→ What you should do
Word for word, restate the lines from the top of the records below through the line with "For the quantization", both included, with no pictures in the result.

→ Data shown
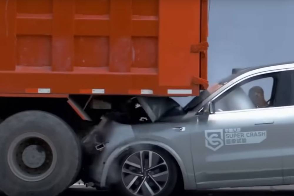 Η ονομασία του είναι ακριβώς αυτή: Super Crash Test. Μάς έρχεται από την Κίνα, όπου κόντρα στα μέχρι πριν λίγων ετών αναιμικά στάνταρ ασφαλείας, σήμερα δίνουν προσοχή και στην παραμικρή λεπτομέρεια. Οι Κινέζοι εξετάζουν την παθητική ασφάλεια των νέων μοντέλων σε μια ακραία πιθανότητα ατυχήματος, που περιλαμβάνει τη σύνθλιψη του αυτοκινήτου ανάμεσα σε δυο φορτηγά! Το υπό εξέταση όχημα βρίσκεται σταματημένο, πίσω από ένα επίσης ακίνητο και ανατρεπόμενο φορτηγό 30 τόνων. Η επιλογή του συγκεκριμένου τύπου δεν γίνεται τυχαία, καθώς το κάτω άκρο της καρότσας «σημαδεύει» το παρμπρίζ του αυτοκινήτου σε περίπτωση οπίσθιας σύγκρουσης, πολλαπλασιάζοντας το βαθμό επικινδυνότητας.
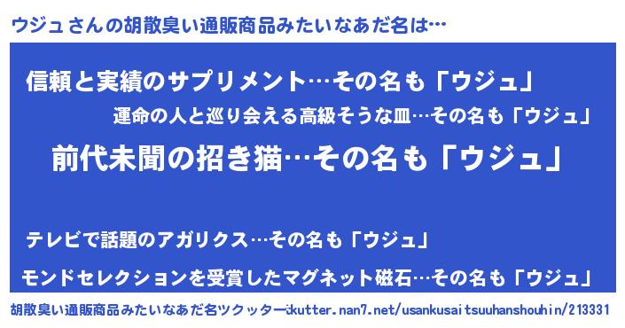 ウジュさんの胡散臭い通販商品みたいなあだ名をツクッター!
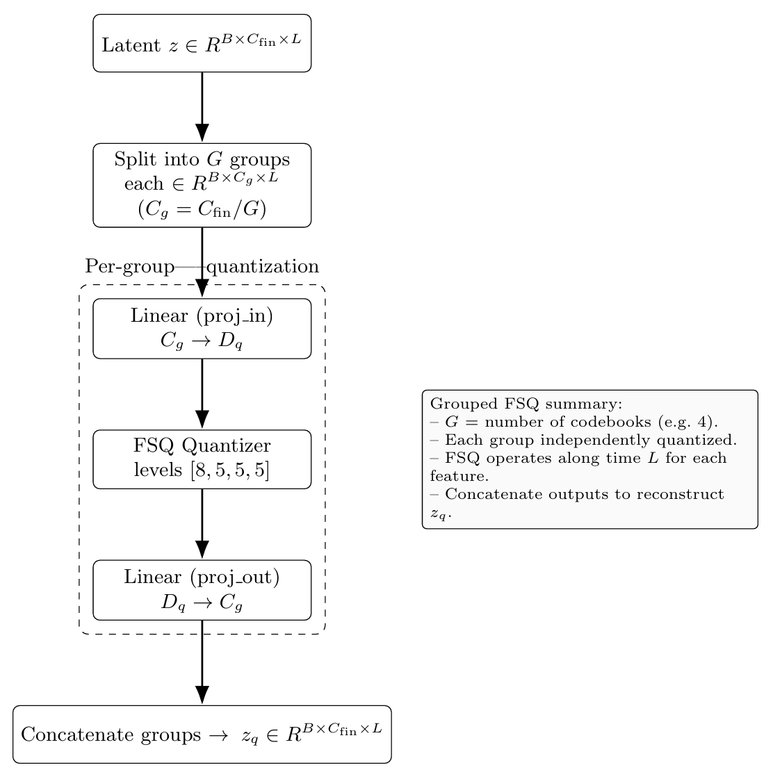 For the quantization scheme, we use grouped finite-scalar quantization, which splits the last hidden states into N groups of equal sizes, vector quantizes each independently, and then concatenates back together channel-wise
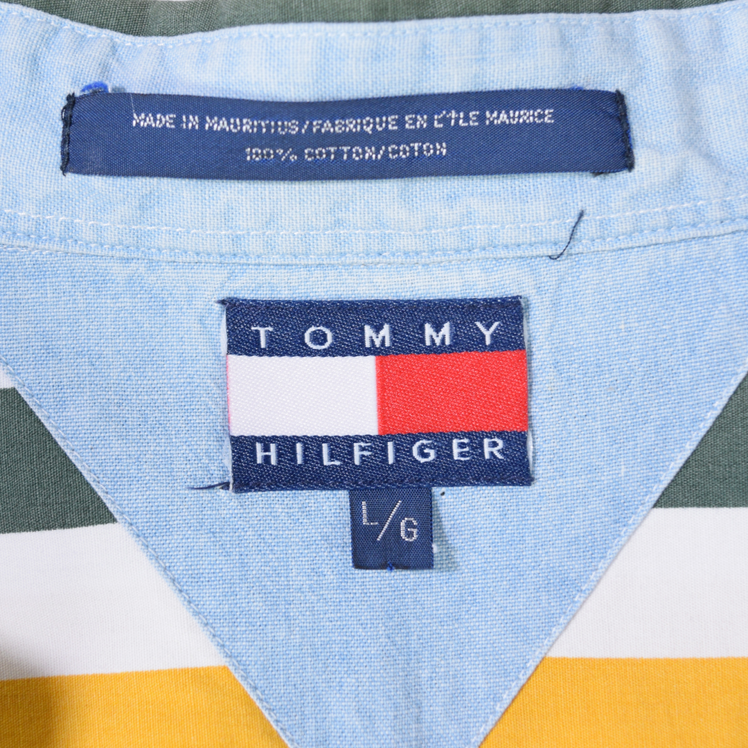 【送料無料】90s トミーヒルフィガー マルチカラー ボタンダウンシャツ ストライプ エンブレム 旧タグ オールド メンズL 古着 @CA1461
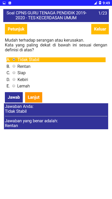 แอปพลิเคชันคำถาม CPNS สำหรับครูผู้สอนในปี 2020 ครอบคลุมเนื้อหาที่ปรากฏตามปกติและบ่อยครั้งในการทดสอบการเลือก CPNS ทุกปี
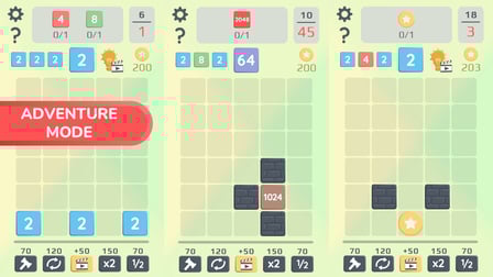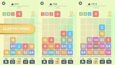Block Fusion propose trois modes passionnants : Aventures pour compléter des niveaux, Avancé pour un gameplay infini, et Classique pour une expérience de fusion plus pure.
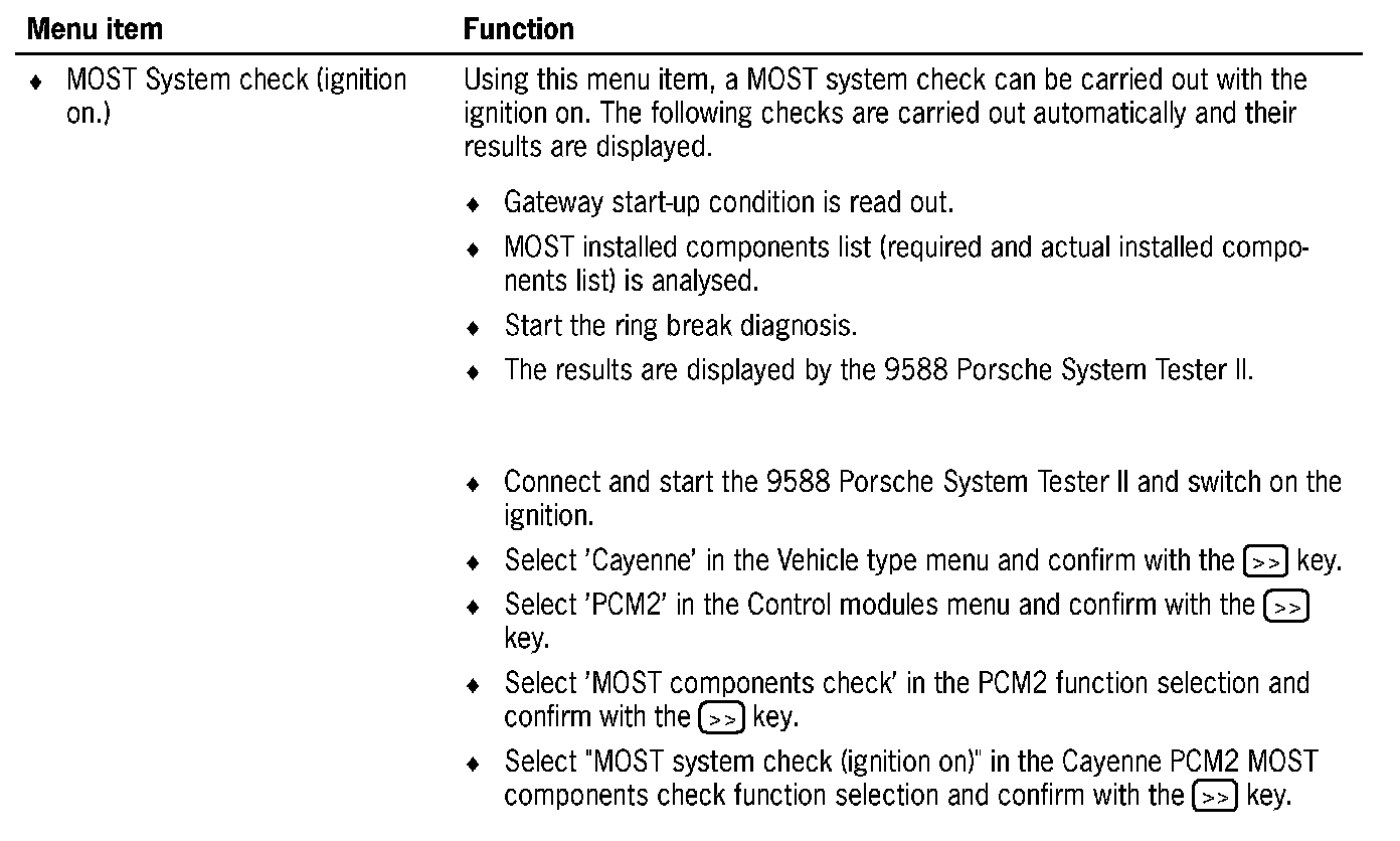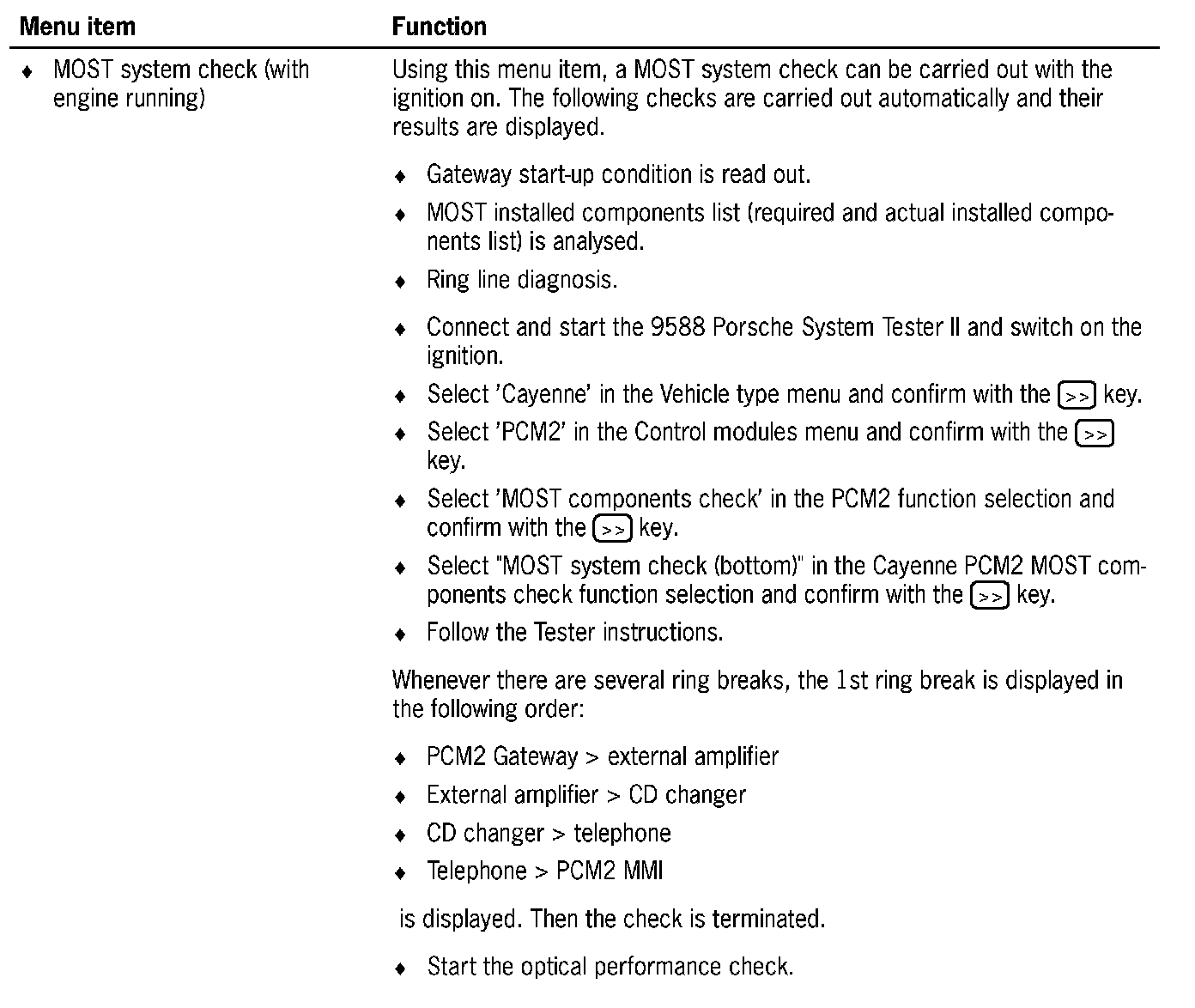 The MOST component check can be reached via the menu PCM2 function selection. This comprises a summary of the following check processes:
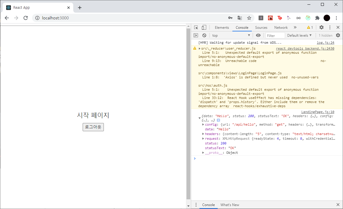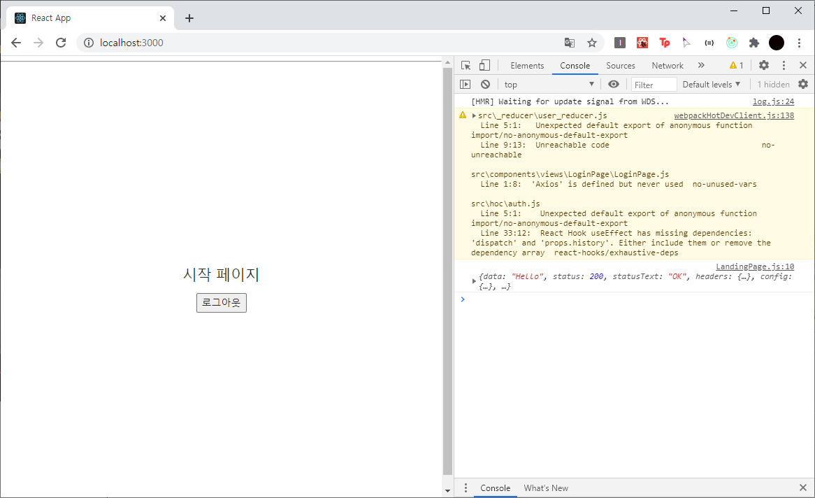 올바르게 동작한다면 LandingPage로 보내져야 한다.
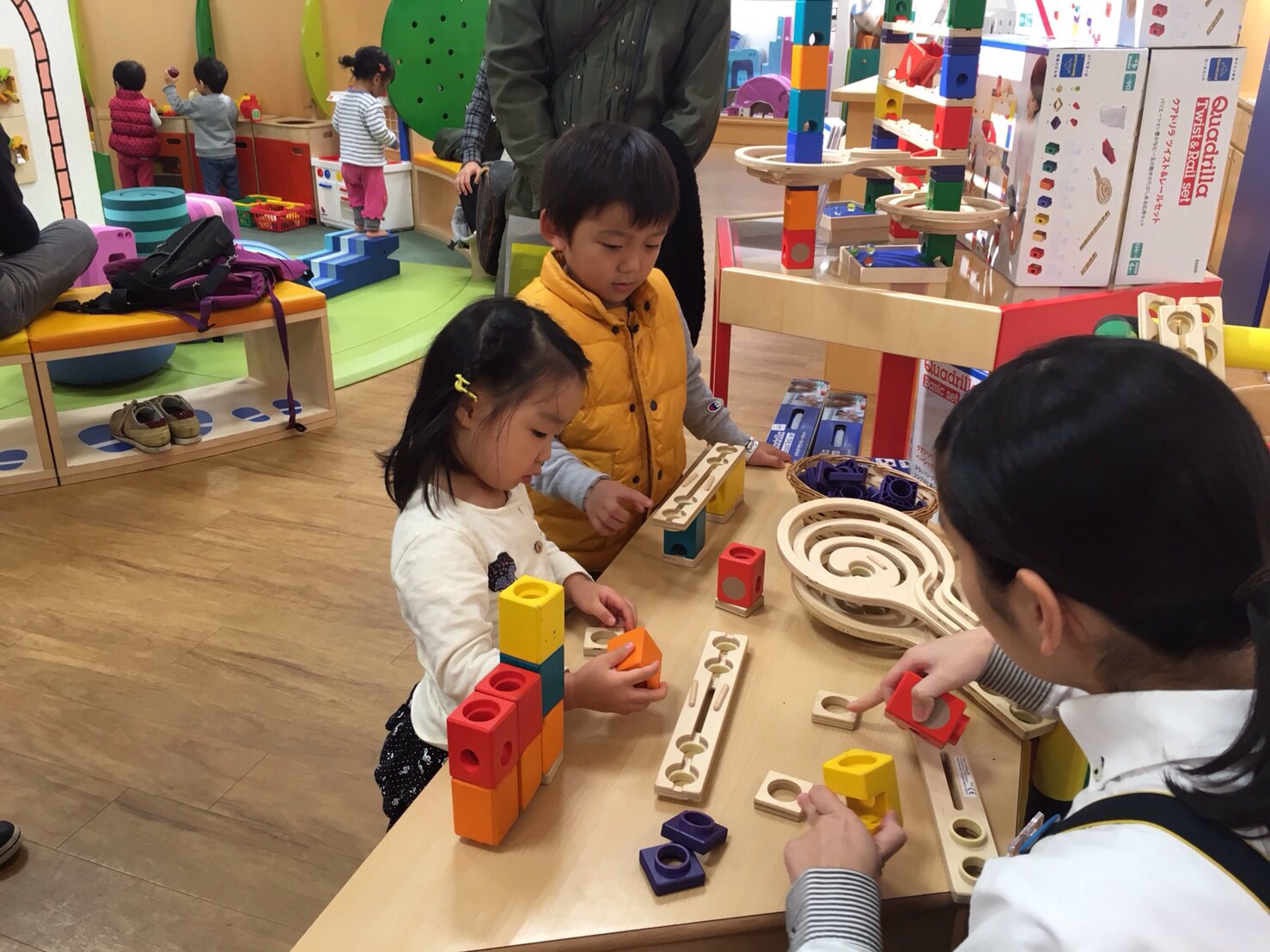 ビー玉を転がすコースを作る「クアドリラ」。下から積み上げていき、試行錯誤しながら組み立てます。構造的に考える力を育みます♪

→ Response to this task
 Η ονομασία του είναι ακριβώς αυτή: Super Crash Test. Μάς έρχεται από την Κίνα, όπου κόντρα στα μέχρι πριν λίγων ετών αναιμικά στάνταρ ασφαλείας, σήμερα δίνουν προσοχή και στην παραμικρή λεπτομέρεια. Οι Κινέζοι εξετάζουν την παθητική ασφάλεια των νέων μοντέλων σε μια ακραία πιθανότητα ατυχήματος, που περιλαμβάνει τη σύνθλιψη του αυτοκινήτου ανάμεσα σε δυο φορτηγά! Το υπό εξέταση όχημα βρίσκεται σταματημένο, πίσω από ένα επίσης ακίνητο και ανατρεπόμενο φορτηγό 30 τόνων. Η επιλογή του συγκεκριμένου τύπου δεν γίνεται τυχαία, καθώς το κάτω άκρο της καρότσας «σημαδεύει» το παρμπρίζ του αυτοκινήτου σε περίπτωση οπίσθιας σύγκρουσης, πολλαπλασιάζοντας το βαθμό επικινδυνότητας.
 ウジュさんの胡散臭い通販商品みたいなあだ名をツクッター!
 For the quantization scheme, we use grouped finite-scalar quantization, which splits the last hidden states into N groups of equal sizes, vector quantizes each independently, and then concatenates back together channel-wise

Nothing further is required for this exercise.